The paediatric diabetes team at Kettering General Hospital are fantastic and from the first moment made us feel like could rely on them 24/7. They gave Miller a special pack donated to all Type 1 children through the charity ‘The Juvenile Diabetes Research Foundation’, lovingly known as the JDRF. This pack includes lots of literature in a folder, and a child friendly story all wrapped up in a blue string bag, it also includes the infamous bear with the coloured patches, which show where on the body insulin can be injected. This is to help children start to inject themselves. It was the third day that Miller took control of his own injecting, I think this was because he could see that it was upsetting me when we had to hold him down to do this. Once he started injecting his own insulin, he never looked back and we didn’t have to do it again unless he was asleep and it was the middle of the night. I will always be so proud that at 7 years old he took his condition in hand and wanted the independence of administering his own medication, but with it I think he had to grow up fast and lost some of the childlike innocence he had before.

Since diagnosis it has been a rollercoaster of emotions as well as numerous hospital appointments and continual checks and balances. This has become so much easier with the intervention of technology. Miller now has a glucose sensor and an insulin pump. He decided on an omnipod pump because there were no wires from the cannula. It also makes him officially a Podder – which was cool. Life got a lot brighter when these little machines came into our lives.
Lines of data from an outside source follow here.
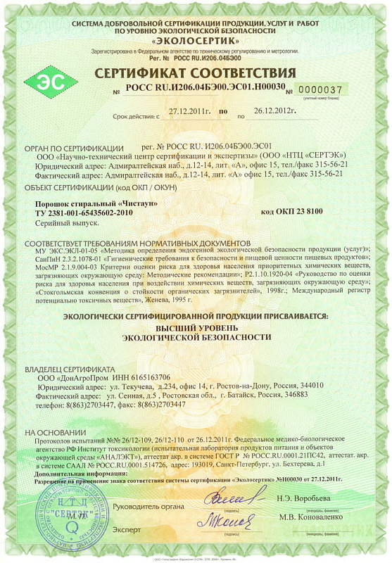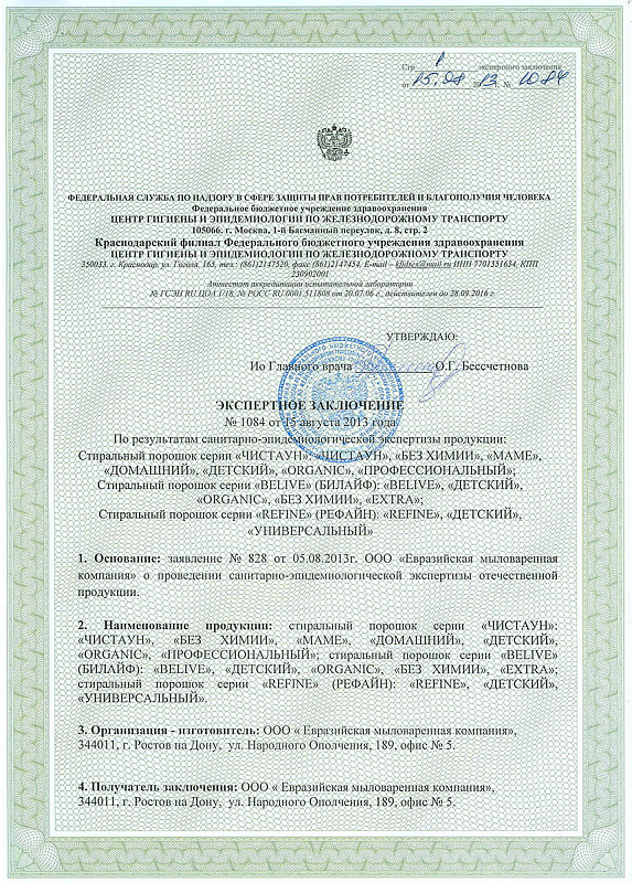 высокий процент отстирывания естественных загрязнений белого и цветного белья
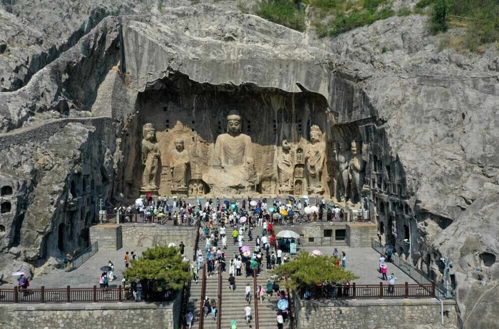 近年来,河南省洛阳市充分挖掘历史文化资源,不断打造文旅新业态与消费新场景。这是5月20日,游客在龙门石窟游玩(无人机照片)。新华社记者 郝源 摄
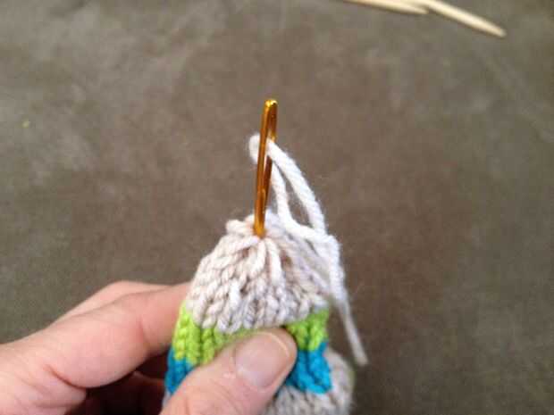 En blanco, 3 hileras de punto. Luego tejer 2 juntos, repetir hasta el final de ronda. Cortar hilo y una aguja de hilo para tire hacia arriba el extremo a través de los restantes puntos de sutura en la aguja. Utilizando una aguja de hilo, tomar el extremo suelto para dentro del sombrero a través de la pequeña abertura en la parte superior.
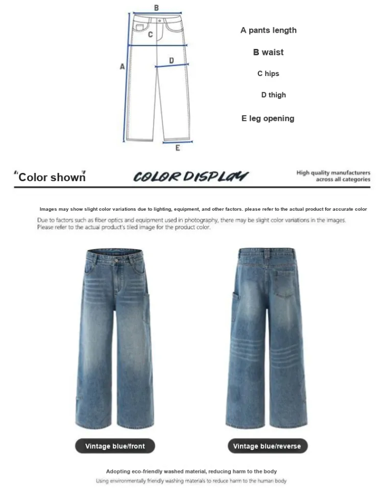 UOOHE Винтажные синие унисекс джинсы
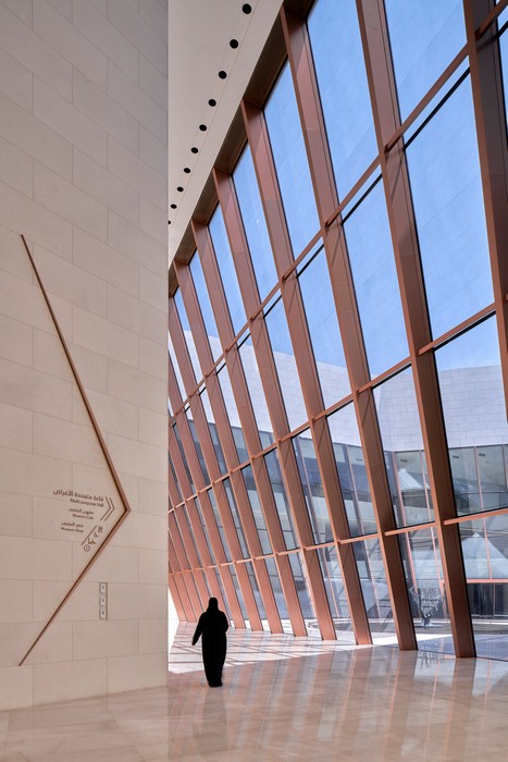 What captivated the Prix Versailles 2024 World Jury was the museum’s exceptional synthesis of architecture, landscape, and narrative. The building is deeply rooted in the natural essence of Oman, reflecting the earthen qualities and rugged beauty of the surrounding mountains. The design draws from the fractal geometry of these mountains, translating their jagged, triangulated forms into the structure of the building. This purity of geometry informs the rationalized diamond grid, which serves as the framework for the composition. The minimal colour and material palette – glass, copper, and marble – not only contribute to its aesthetic but also enhances its connection to the landscape and cultural heritage. The experience within the building is one of light: a filtered, dappled illumination that changes throughout the day. At the entrance, a giant parasol-like structure – a generous, hovering form of shelter – beckons visitors inside, inviting them into a space where elegance is the protagonist. As visitors move through the museum, they encounter a series of unfolding spatial sequences, progressing to spaces of increasing volume, refinement, and lightness. Water plays a crucial narrative role, with falaj lines extending across the earth, linking the arrival sequence to the contemplation pool at the end, echoing the essential life-giving presence of water in Omani culture. The project was praised for its marvellous design and cutting-edge technology that creates a sensory, almost cinematic experience for visitors. Every element was designed to evoke emotion, curiosity, and reflection. The jury also noted the project’s ability to use contemporary design while remaining rooted in Omani cultural expressions and environmental contexts, a rare and delicate balance achieved with mastery.
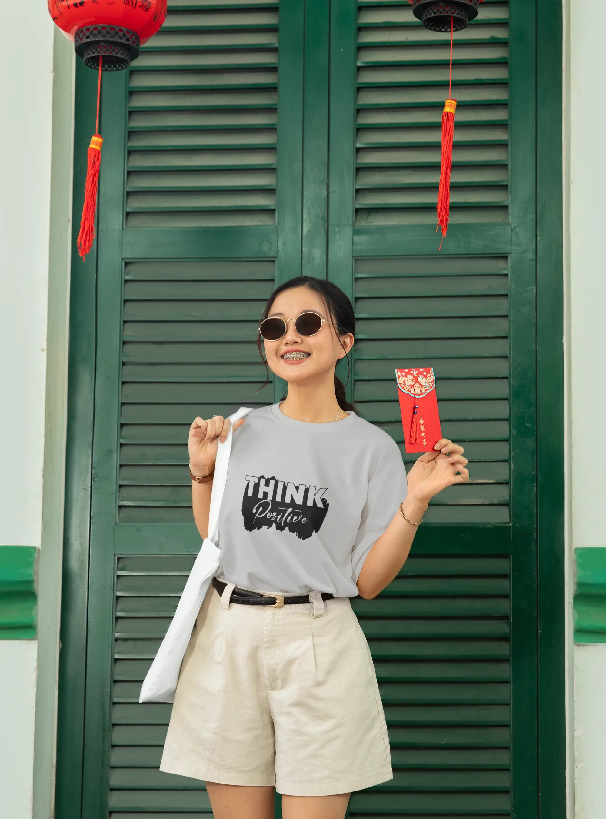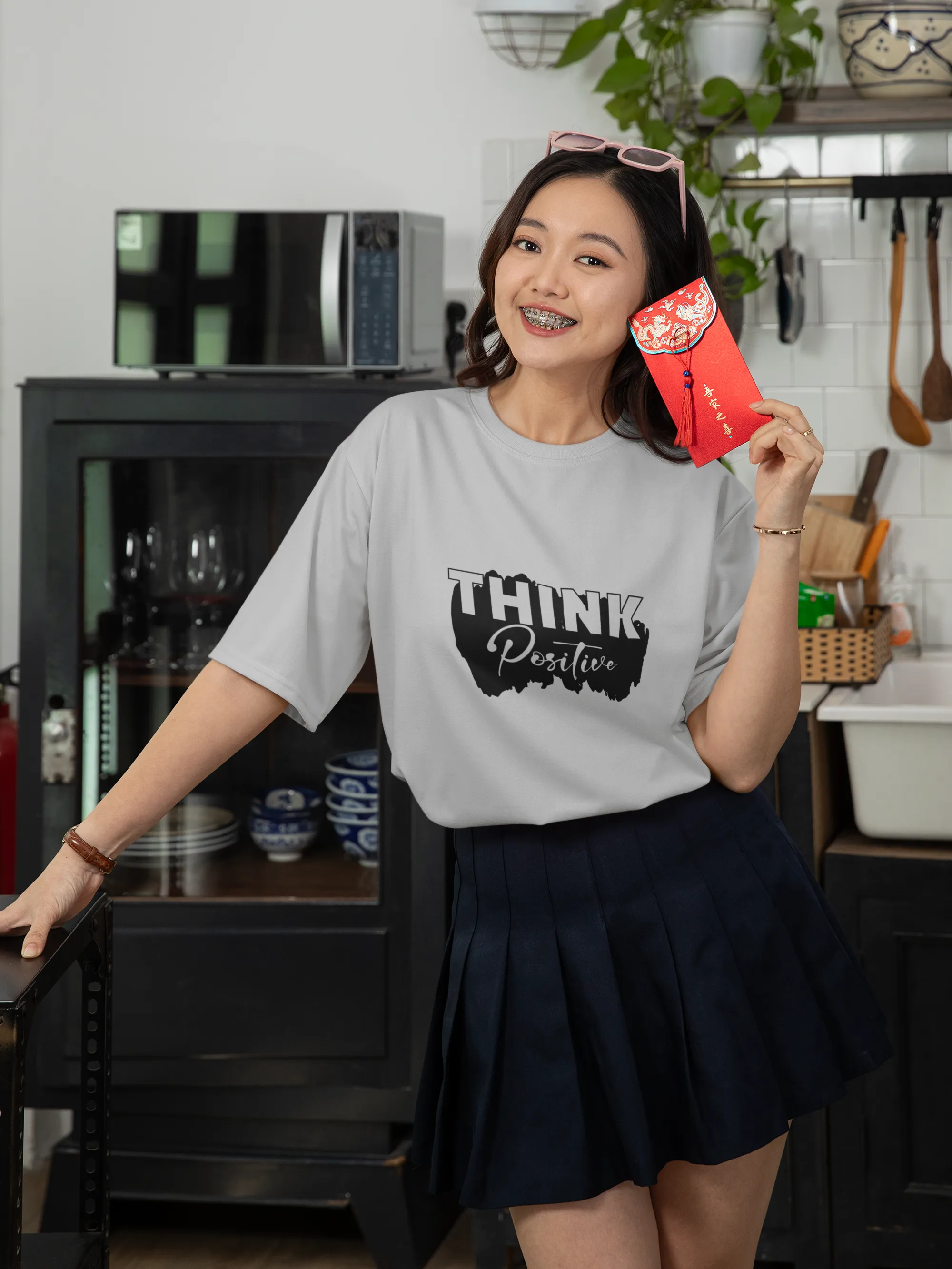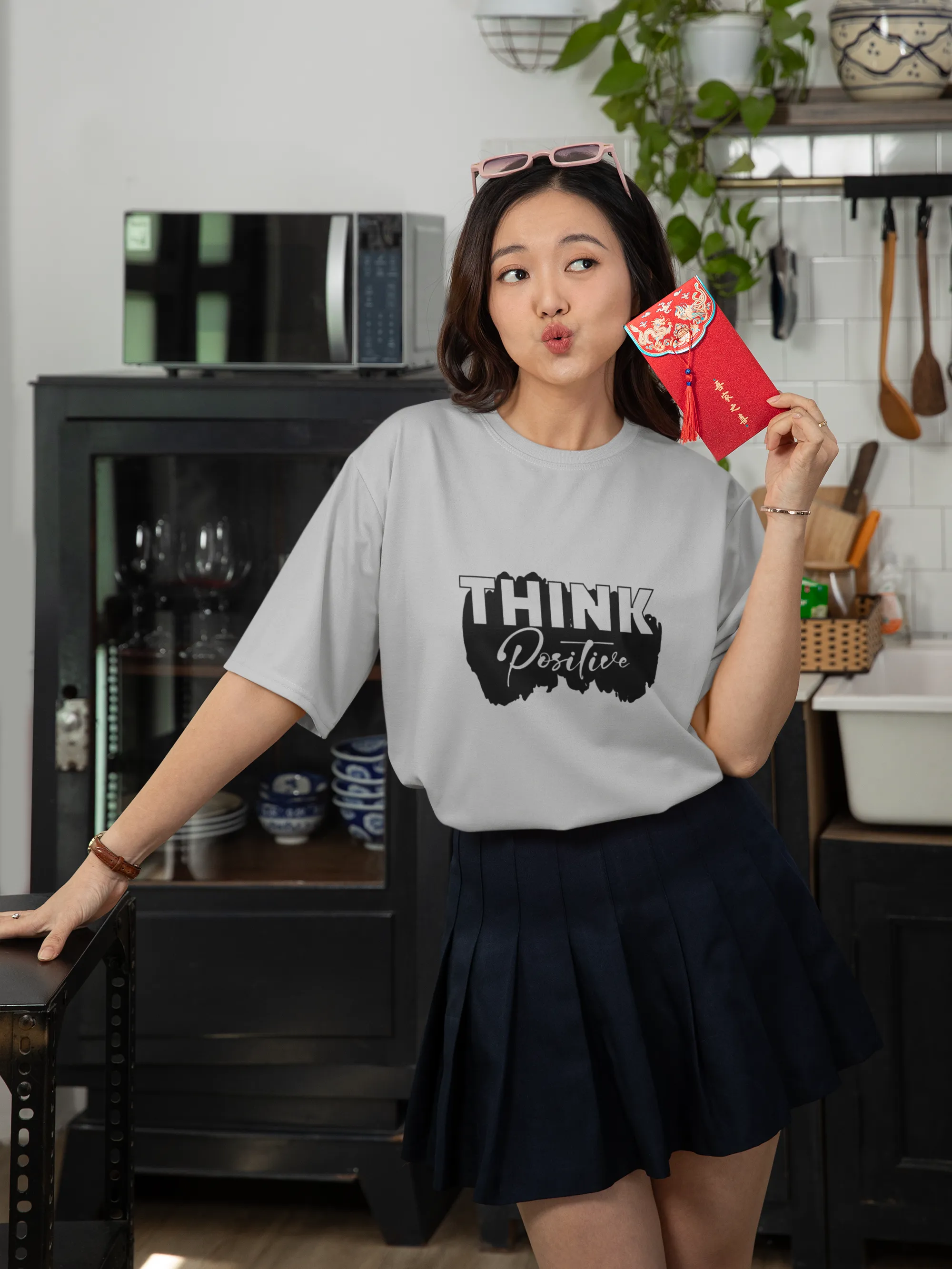 A bright and motivating T-shirt design featuring the phrase “Think Positive” in bold, uplifting typography. Vibrant colors and energetic design elements reflect optimism and hope, making it perfect for those who believe in spreading positivity, resilience, and a can-do attitude.
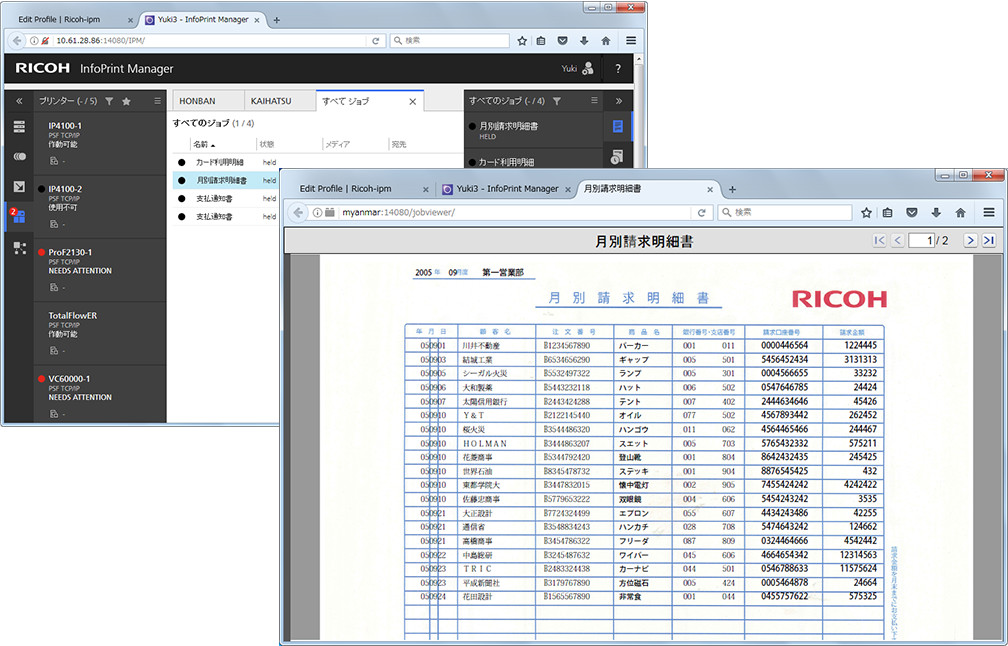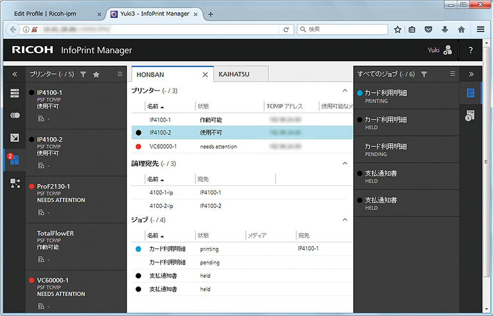 複数のプリンターの稼働状況やジョブの出力状況を把握できます。
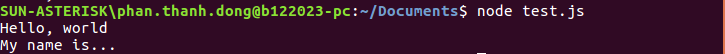 Tức là ở đây mình mong đợi hành động đầu tiên sẽ là in ra màn hình chữ "Hello, world", ngay sau khi in xong thì tiếp tục in tiếp dòng chữ "My name is..."
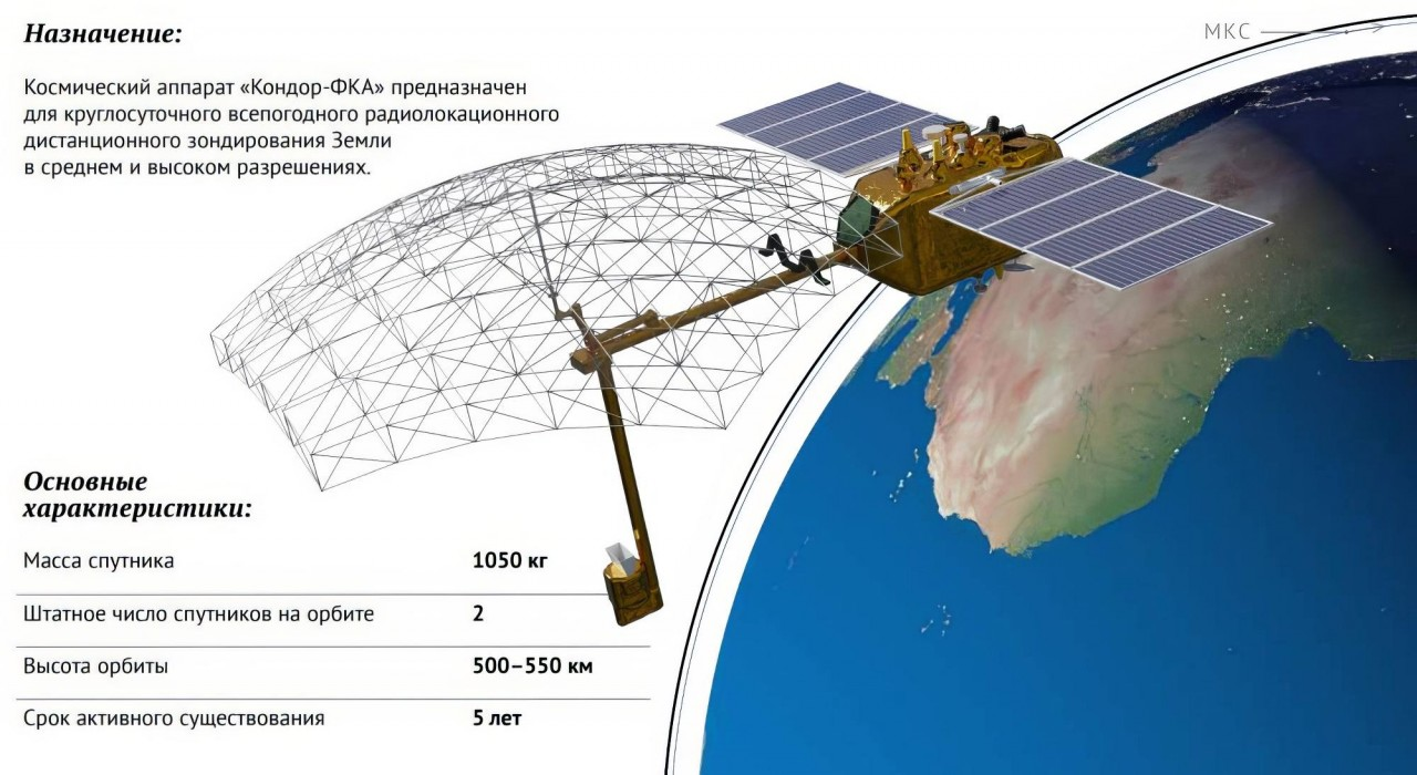 Các chuyên gia của hãng Ruselectronics cho biết vệ tinh Kondor-FKA được trang bị ăng-ten phản xạ kiểu ô, bảo đảm 24/24 quan sát bề mặt Trái đất trong mọi điều kiện thời tiết ở vị trí song song với quỹ đạo bay. Ở dải quan sát, vệ tinh này có thể chi tiết hóa các mục tiêu, xác định được chủng loại và số lượng trang bị vũ khí của đối phương.
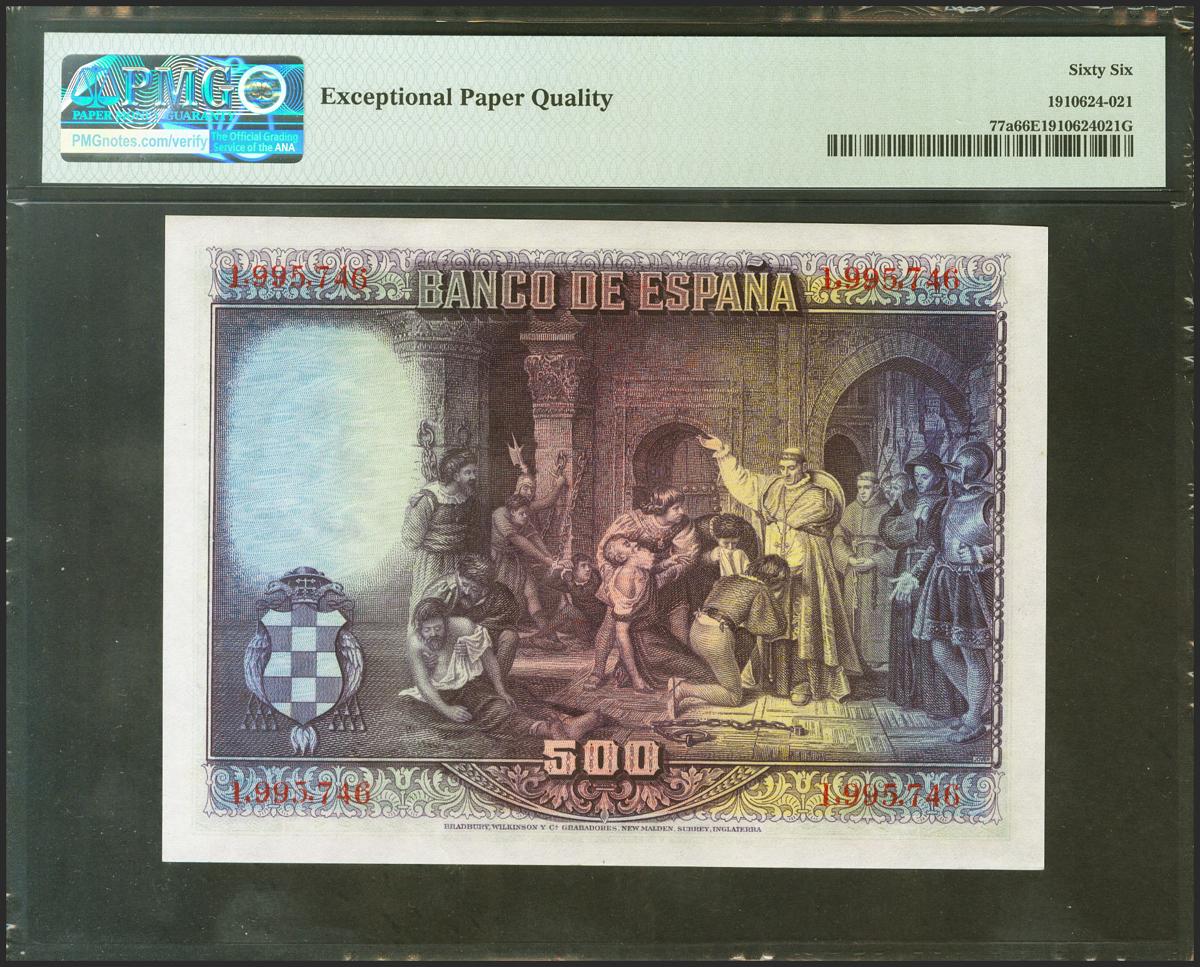 500 Pesetas. 15 de Agosto de 1928. Sin serie. (Edifil 2021: 356, Pick: 77a). Raro en esta excepcional calidad, apresto original. SC. Encapsulado PMG66EPQ.

The pod is filled with insulin and stuck to his body, the cannula goes in and it pumps the insulin into him continually. We change this approx every 3 days. So he has gone from an injection 4 or more times a day to once every 3 days. We still have to make adjustments and carb for everything he eats, but the pain of injecting is so much less.

Understanding the numbers and the math behind the calculations, the routine that has now become a part of everyday life was a shock at first, but now it’s as natural as breathing – and this is true for so many T1 parents that I have spoken with.

Miller has certainly had his moments and I’m sure there will be many more bumps in the road to come but I’m still unbelievably proud of how he has coped with it all. When I look back on how much we have adapted and gone through on this T1 journey it makes me very aware of how our feelings have changed along the way too. It doesn’t ever go away but it gets easier as you begin to manage better and you worry less. Sleep also helps!!!

“Type 1 Diabetes is a completely manageable disease… but there are some days that are just rough” – Nick Jonas

The scared little 7 year old boy to this awesome 10 year old, slightly annoying and very cheeky young man – T1 hasn’t and won’t stop him. He wears his insulin pump with pride, he manages his own bloods 80% of the time, he is confident and I’m sure nothing will stop him. T1 can kiss his ass! His sister Ruby gets a mention too, she may profess not to like him – he’s an annoying younger brother after all – but his older sister cares, she pricked her finger with him when he first arrived home and knows what to do in an emergency – she even nags him to carb. I am just as equally proud of the way she has coped. Looking back at pictures before diagnosis I don’t know why we didn’t suspect something was wrong sooner, however it would not of made a difference to the outcome. I’m just so thankful it was caught in time and that we had so much support around us.